Most studios would be overjoyed to have pioneered one significant advancement in video game history, but then again, most studios aren't Kesmai. While it's not a household name today, it's reasonable to say that without the heavy lifting and backbreaking coding that this company shouldered in the '80s and '90s, the MMO genre would've turned out very different indeed.

Last week
we met two enterprising designers, Kelton Flinn and John Taylor, who recognized that multiplayer was the name of the future and put their careers on the line to see an idea through to completion. That idea was Island of Kesmai, an ancestor of the modern MMO that used crude ASCII graphics and CompuServe's network to provide an interactive, cooperative online roleplaying experience. It wasn't the first MMO, but it was the first one published commercially, and sometimes that makes all the difference.
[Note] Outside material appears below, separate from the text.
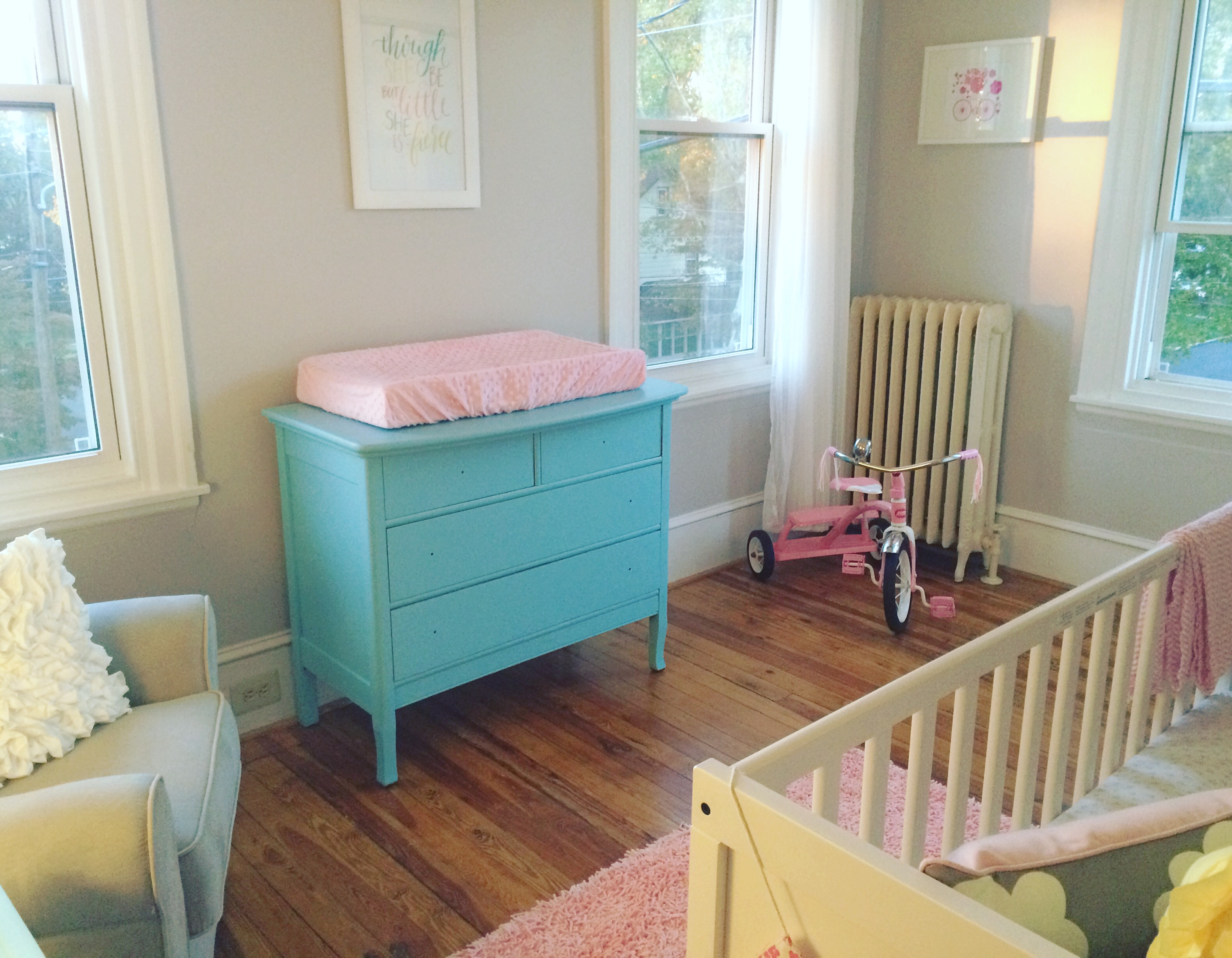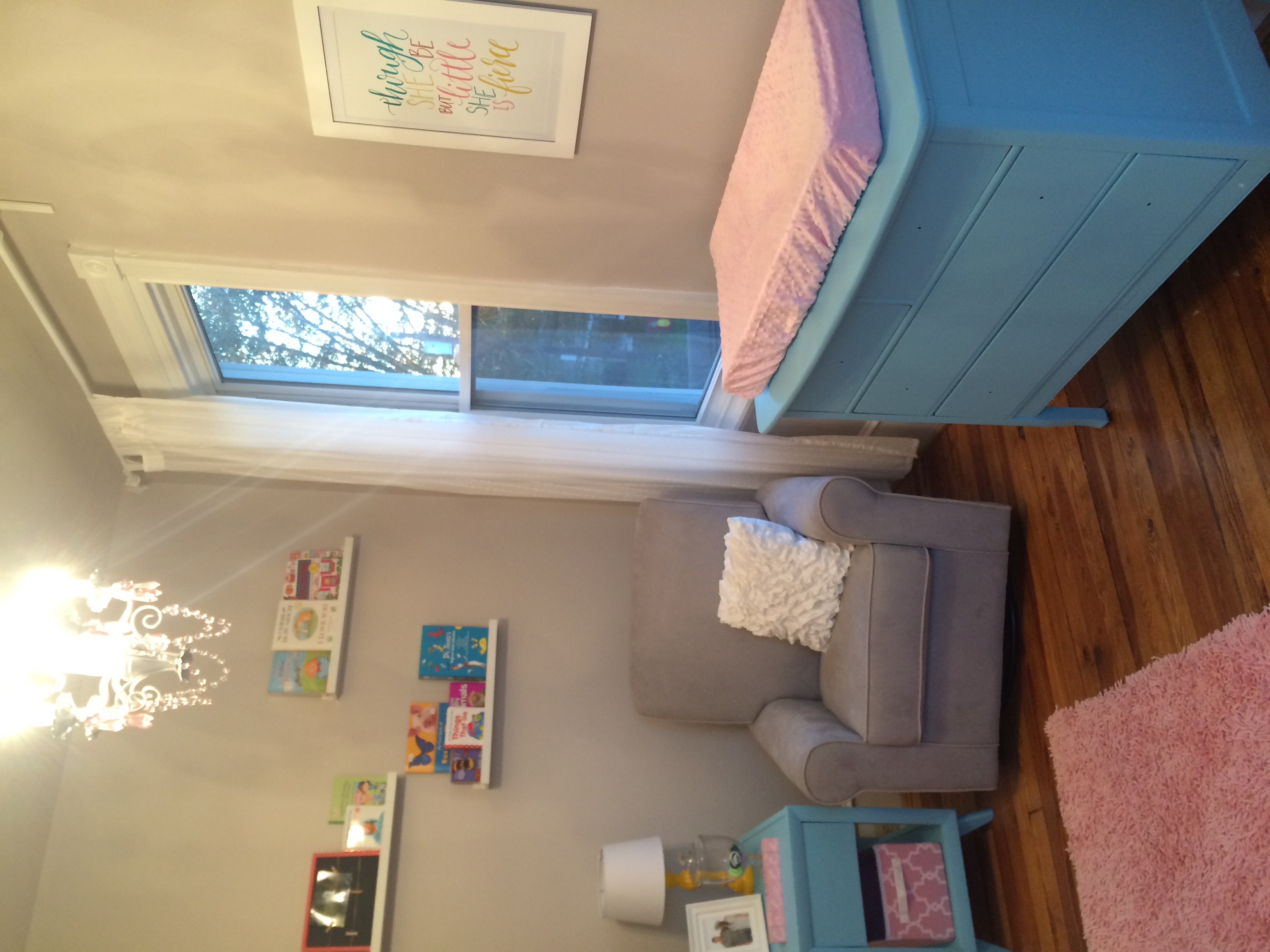 I got the rocking chair off of craigslist for 80 bucks! Crib from ikea for 80 bucks. The dresser I've had for years, the book shelf my grandpa had made for me when I was a kid... I just painted it.
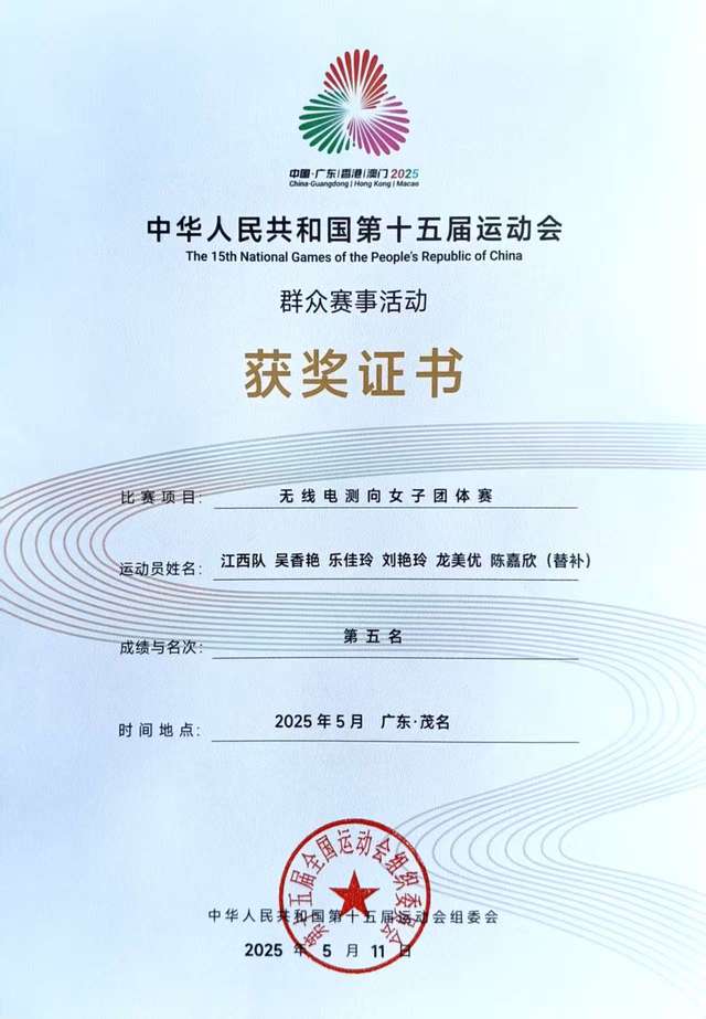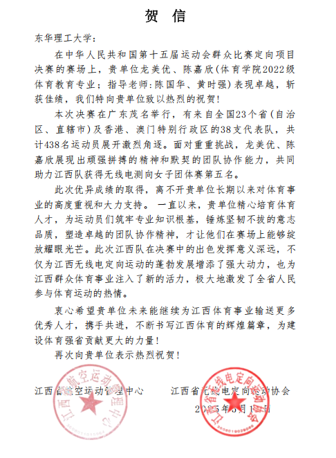 5月8日至11日,第十五届全运会首个群众赛事定向运动项目决赛在广东省茂名市举行。万搏官网入口_万搏中国体育教育专业学生龙美优、陈嘉欣代表江西省参赛,获得测向比赛团体第五名的优异成绩。江西省航空运动管理中心和江西省无线电定向运动协会向学校发来贺信。

Flinn and Taylor's Kesmai didn't stop with being the first to bring MMOs to the big time, however. Flush with cash and success, Kesmai turned its attention to the next big multiplayer challenge: 3-D graphics and real-time combat. Unlike the fantasy land of Island of Kesmai, this title would take to the skies in aerial dogfighting and prove even more popular than the team's previous project.



Air Warrior III

Air Warrior

Released in 1986, Air Warrior didn't just wow the crowds over; it stunned them into complete and utter awe. Keep in mind that concepts like "multiplayer" and "3-D" and "online" were so rare at the time that any one of these was enough to make headlines. Yet here was a game that provided all three in a tight package that offered players the opportunity to jump into a World War II-era cockpit and duke it out with friends and strangers.

Now, it's important not to overstate this. While Air Warrior had 3-D graphics, they were primitive wireframes and certainly not easy on the eyes. As with Island of Kesmai, the studio shopped around for an online provider to host it and settled with GEnie (Kesmai would later port the product to other services such as CompuServe as well). And like Island of Kesmai, Air Warrior wasn't cheap, costing flyboys and flygirls $6 an hour on a 1200-baud or slower modem. You'd need a 386 PC with 25Mhz of speed and 3MB of RAM to run it, which was a powerful system back then.

Unlike Island of Kesmai, however, Air Warrior wasn't a persistent online world and instead favored set-up matches. Even without the presistence, a strong community developed with fans following the franchise for well over a decade.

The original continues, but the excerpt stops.